▸ Saved data entries:
---*---

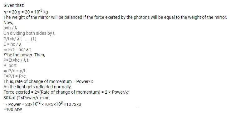 A totally reflecting, small plane mirror placed horizontally faces a parallel beam of light, as shown in the figure. The mass of the mirror is $20 \mathrm{~g}$. Assume that there is no absorption in the lens and that $30 \%$ of the light emitted by the source goes through the lens. Find the power of the source needed to support the weight of the mirror.
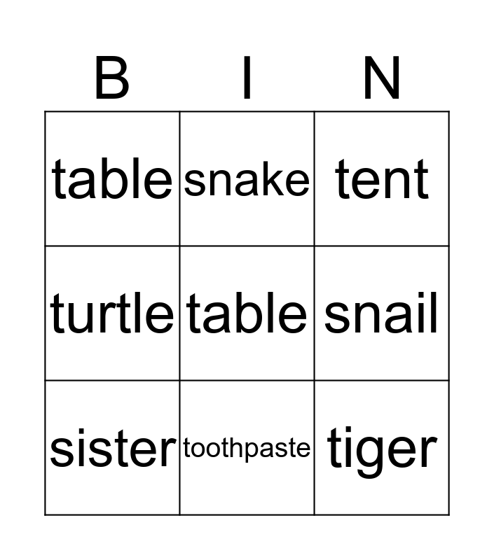 This bingo card has a free space and 12 words: ten, star, tiger, snail, snake, tent, toothpaste, school, table, turtle, sister and toes.
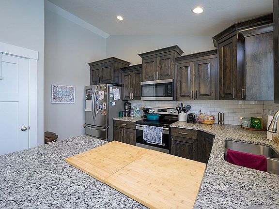This is a spectacular tri-level conveniently located near shopping and quick access to I15. Basement was finished over the past 30 days complete with a new marble shower. Upgraded kitchen cabinets, knobs & pulls, soft close doors & drawers and granite countertops throughout. Tile bath floors, laminate kitchen flooring & 2-tone paint. Mstr. bath w/walk in closet.
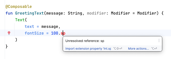 .spcode because you need to import some classes or properties to compile your app. Hover over (or click).sp, then click Import in the popup to import theandroidx.compose.ui.unit.spto use the.spextension property (more on extension properties later).
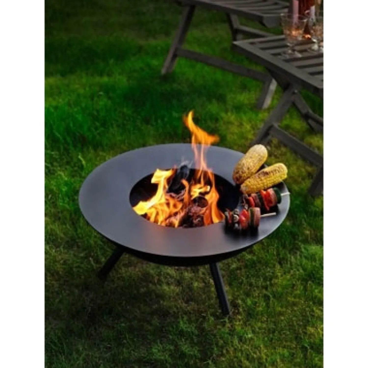 Det medfølgende låg og tang er designet til at lette håndteringen af både ild og mad. De hævede ben bidrager til øget stabilitet på forskellige underlag. Produktets kompakte størrelse på 56 x 56 x 29 cm gør det egnet til mange udendørs områder. Dette bålsted er udviklet til at understøtte forskellige typer af udendørs sammenkomster, fra mindre middage til større forsamlinger.
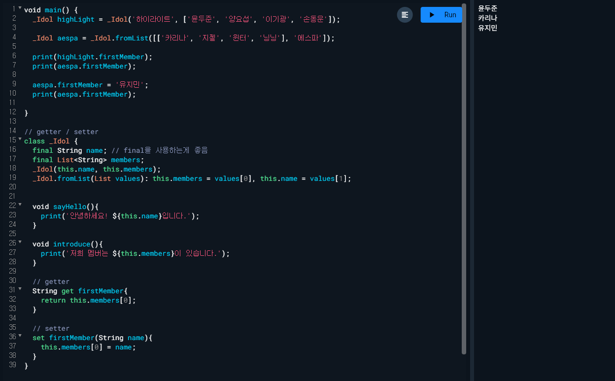 | [Dart] Dart 기본 문법 (0) | 2024.03.13 |
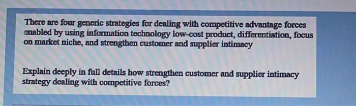 What are the four generic information system strategies for dealing with competitive forces?. Generic strategies include overall cost leadership differentiation and focus. What are the 4 generic strategies for dealing with competitive forces enabled by using IT. Editor toolbars undo Undo Keyboard shortcut CtrlZ Redo Keyboard shortcut CtrlY Basic Styles Bold Keyboard shortcut CtrlB Italic Keyboard shortcut CtrlI Paragraph.
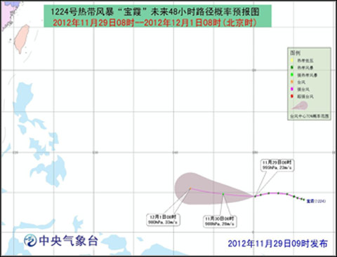 新农网讯 今年第24号热带风暴“宝霞”的中心11月29日08时位于关岛南偏东方大约1150公里的西北太平洋洋面上,就是北纬4.5度,东经150.2度,中心附近最大风力9级(23米/秒),中心最低气压995百帕。
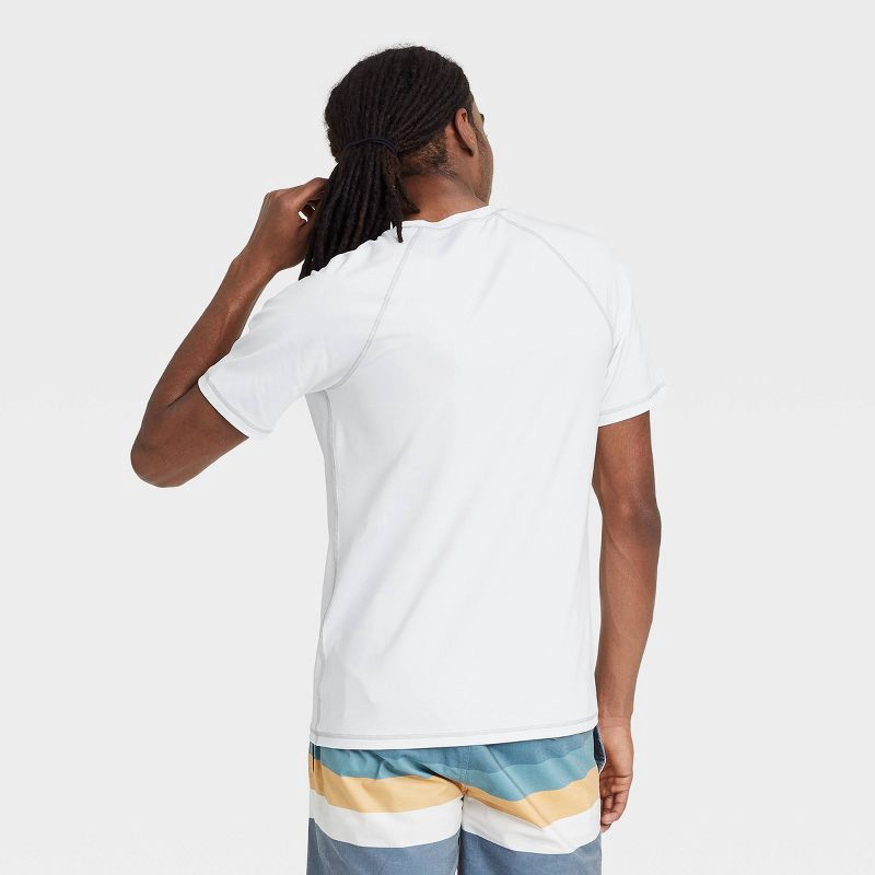 Men's Short Sleeve Rash Guard Swim Shirt - Goodfellow & Co™ White S: UPF 50+ Protection, Recycled Polyester, Spandex Blend
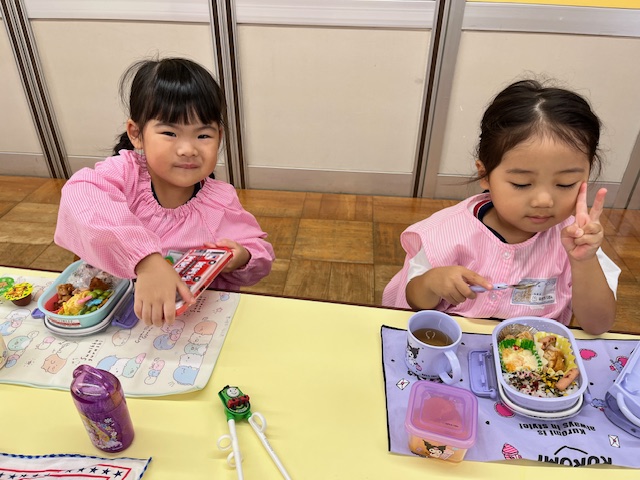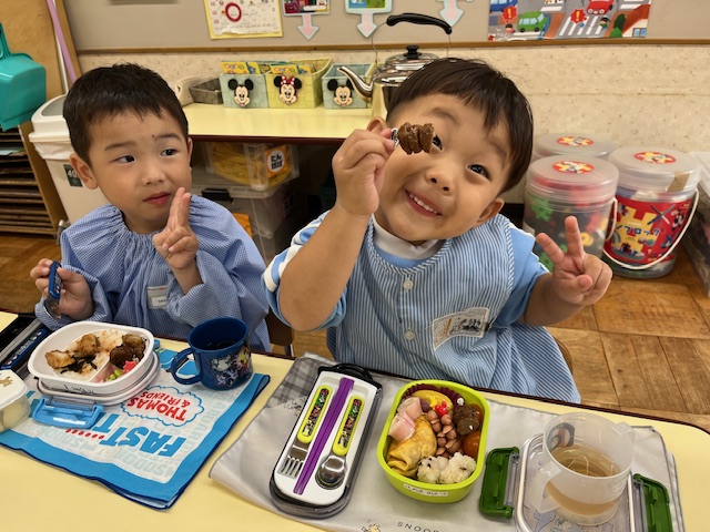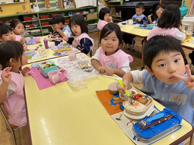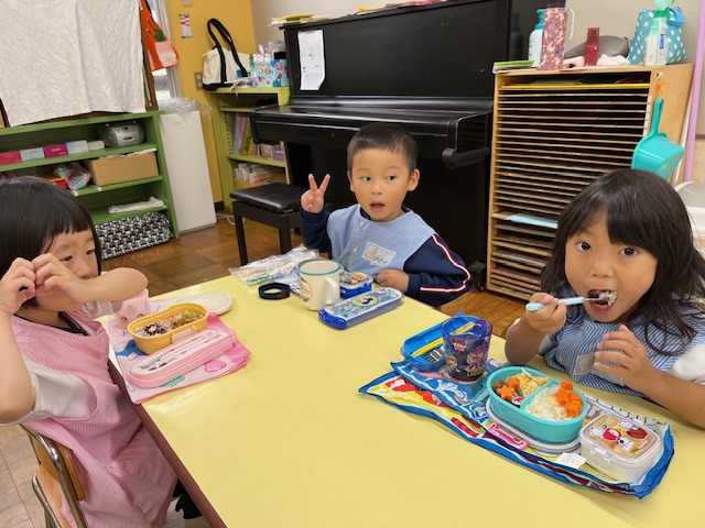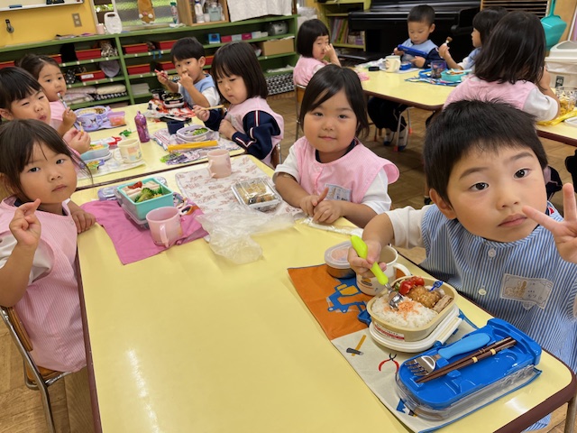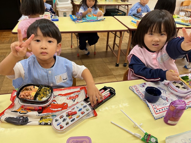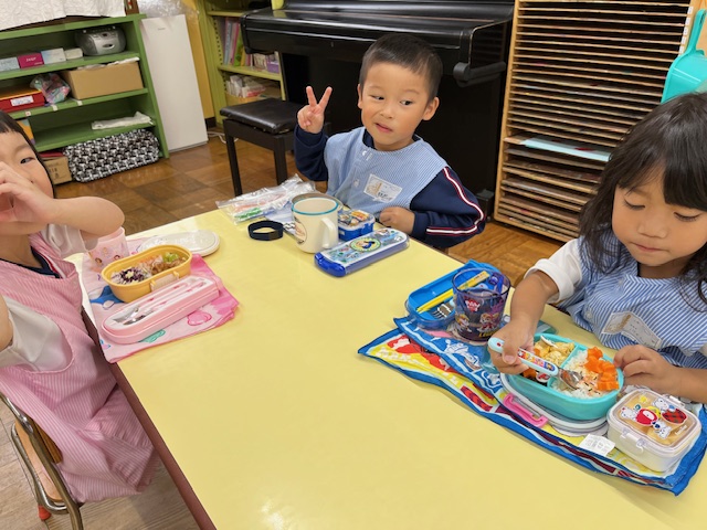今日は年長さんがお芋掘り遠足にお出かけしているということでお弁当の日になっています🍱
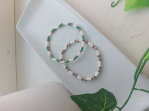 Somriga egengjorda armband med stretchig trÄd. Det gÄr att designa egna. 30/st+18 kr frakt.
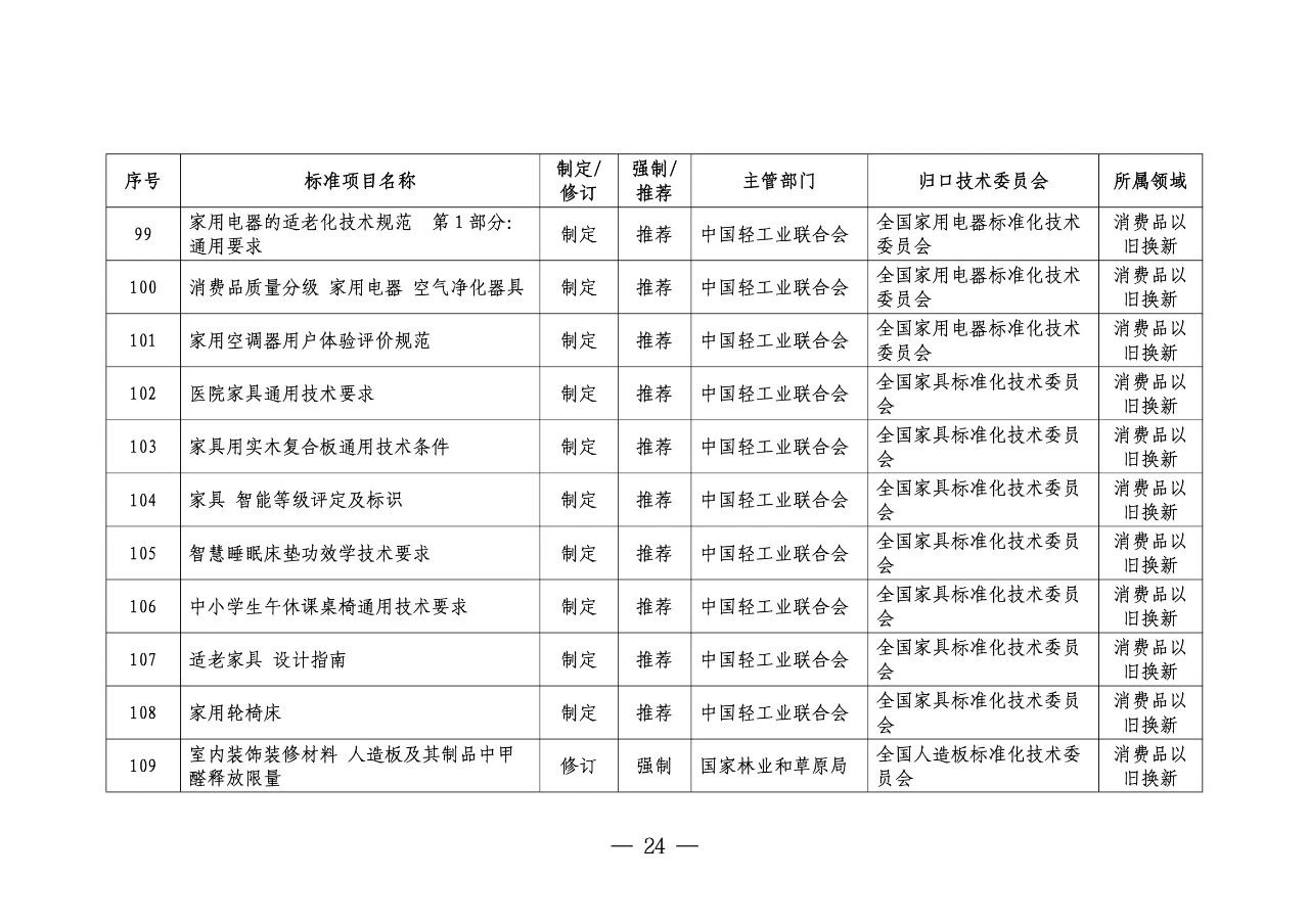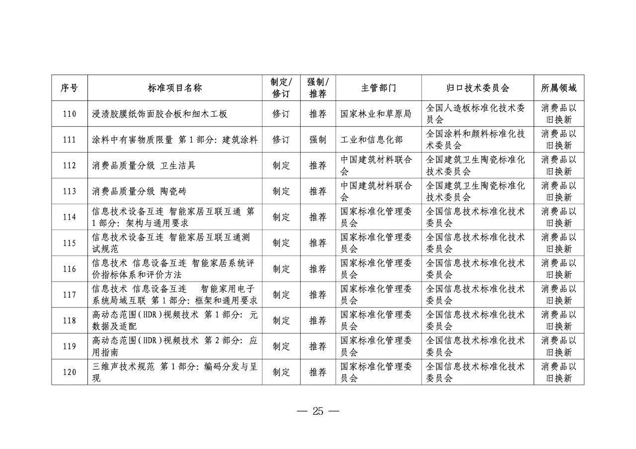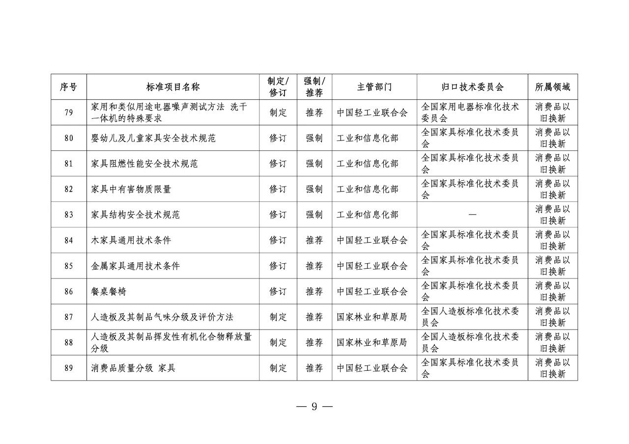 (八)强化家居产品标准引领。加快升级家具结构安全、阻燃性能等强制性标准,完善含挥发性有机物(VOCs)相关产品标准,加严人造板甲醛释放量指标,提升建筑涂料、木质地板等装饰装修产品标准,制修订绿色建材评价标准,制定厨卫五金、卫生洁具、陶瓷砖等质量分级标准,研制智能家居互联互通、风险识别标准,助力提升家居产品消费档次。(工业和信息化部、住房城乡建设部、市场监管总局、国家林草局等按职责分工负责)

---*---

▸ WHAT IS BEING ASKED: A verbatim reproduction is expected: starting at the line above that has "This bingo card", ending at the line that has "(0) | 2024.03.13 |", both included, and with no pictures and no other lines.

▸ WRITTEN ANSWER:
 This bingo card has a free space and 12 words: ten, star, tiger, snail, snake, tent, toothpaste, school, table, turtle, sister and toes.
This is a spectacular tri-level conveniently located near shopping and quick access to I15. Basement was finished over the past 30 days complete with a new marble shower. Upgraded kitchen cabinets, knobs & pulls, soft close doors & drawers and granite countertops throughout. Tile bath floors, laminate kitchen flooring & 2-tone paint. Mstr. bath w/walk in closet.
 .spcode because you need to import some classes or properties to compile your app. Hover over (or click).sp, then click Import in the popup to import theandroidx.compose.ui.unit.spto use the.spextension property (more on extension properties later).
 Det medfølgende låg og tang er designet til at lette håndteringen af både ild og mad. De hævede ben bidrager til øget stabilitet på forskellige underlag. Produktets kompakte størrelse på 56 x 56 x 29 cm gør det egnet til mange udendørs områder. Dette bålsted er udviklet til at understøtte forskellige typer af udendørs sammenkomster, fra mindre middage til større forsamlinger.
 | [Dart] Dart 기본 문법 (0) | 2024.03.13 |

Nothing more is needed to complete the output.